2021-04-25 Thread Lee H. Skinner

Hi, Amy.


Not a separate name for cavechildren for this particular contest.  You 
are cavers just like the adults!  But you all can think of yourselves as 
*minicrawlers*, a great name I think, because many of you guys are small 
enough to go through unexplored crawls and find things that adults will 
have to dig out the floor more to get through to see whatever you found 
beyond the crawl! Minicrawlers have been very important and very 
successful in finding new cave.  So do you agree with that name?



Lee



On 4/25/2021 3:10 PM, Amy Jasek wrote:

What about the children of cavers?  Do we get a name? 😄

Sent from my iPhone


On Apr 25, 2021, at 4:02 PM, Lee H. Skinner  wrote:

Thanks, Mark.


Excellent article on plural nouns. I encourage all here to read it:

https://www.merriam-webster.com/words-at-play/a-drudge-of-lexicographers-presents-collective-nouns/common-collectives


Lee



On 4/25/2021 7:57 AM, Mark Minton wrote:
These collective nouns for different groups of animals are called "terms of venery". 
They originated among hunters back in the middle ages.
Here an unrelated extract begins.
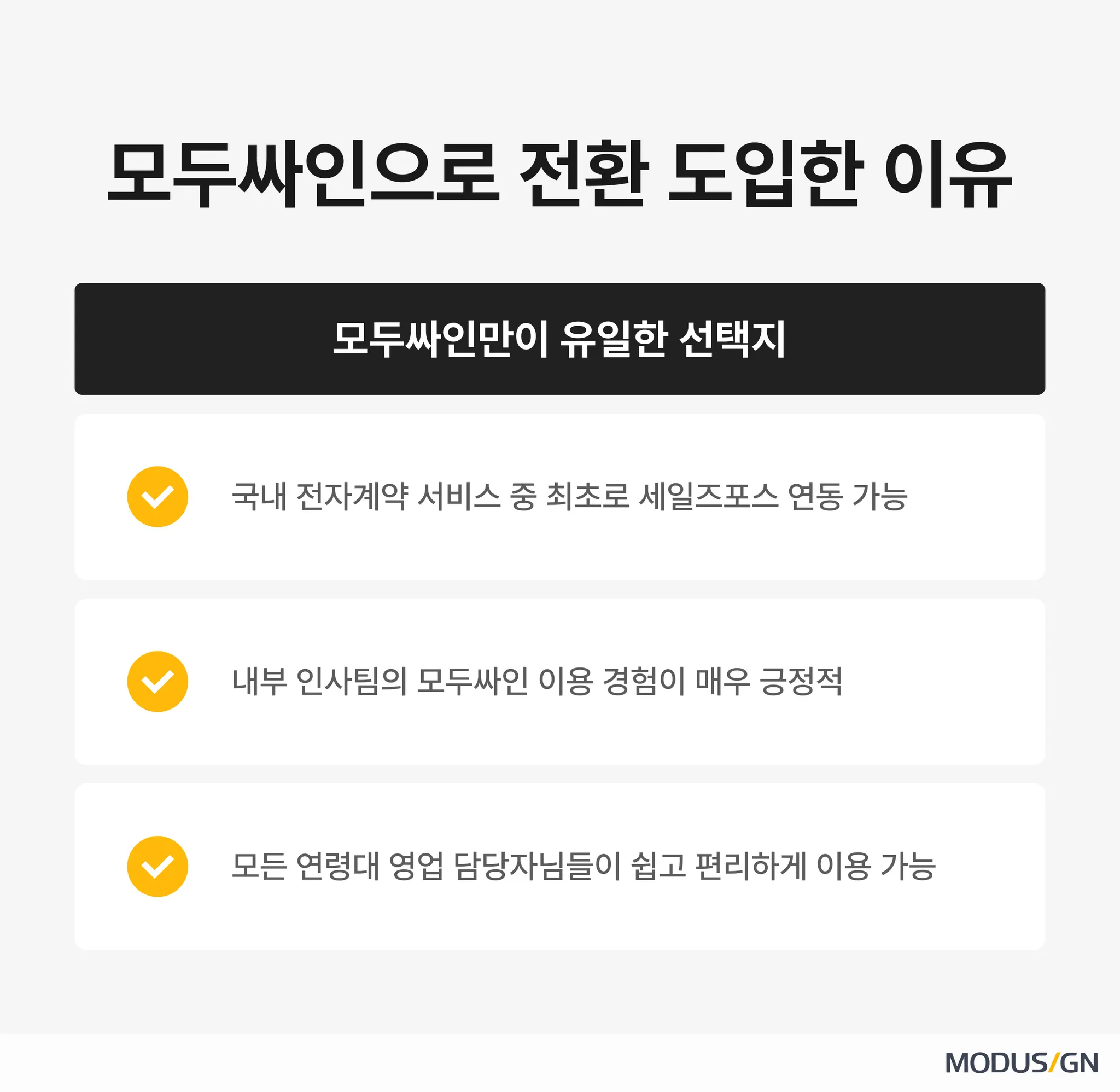 A. 모두싸인만을 타겟으로 하고 문의를 드렸습니다. 모두싸인은 국내 최초로 세일즈포스 패키지를 제공하기도 했고, 내부 인사팀에서 사용하셨던 적이 있어서 저 또한 모두싸인에 대한 이용자 경험이 너무 좋았죠.

See 
.

Mark M

-Original Message-
From: Texascavers [mailto:texascavers-boun...@texascavers.com] On Behalf Of Lee 
H. Skinner
Sent: Sunday, April 25, 2021 1:33 AM
To: swrcav...@googlegroups.com; Texas Cavers; Sandia Grotto
Subject: Re: [Texascavers] [SWR CAVERS] Cavers

Donald,

You're right - maybe it's a silly venture - maybe cavers will refuse to
adopt the noun after the contest - but it's a fun thing to do anyway,
and it exhibits a little creativity that we can share among ourselves,
and maybe a few laughs in these days when real caving is limited.  So
let's see what we wind up with.  The future is unwritten.

Lee


On 4/24/2021 10:47 PM, DONALD G. DAVIS wrote:

On Sat, 24 Apr 2021, Lee H. Skinner wrote:
Thanks, Mimi!

Very cute essay.

But there will be only one winner and no 2nd or 3rd place winners.  I
will announce the number of votes each name got, and if there is no
majority, I will hold a runoff vote (there is no reason to rush it
through).

So the term will refer to all cavers, not different types of cavers.
You have a herd of longhorns, not packs of Angus or schools of
Herefords.  The purpose of the survey is to get cavers to start using
the winning term enough (when appropriate) so that it get ingrained
in cavers' minds such that it will become automatically used
throughput the world caving community , eventually becoming
mainstream in time so that the noun will get into dictionaries.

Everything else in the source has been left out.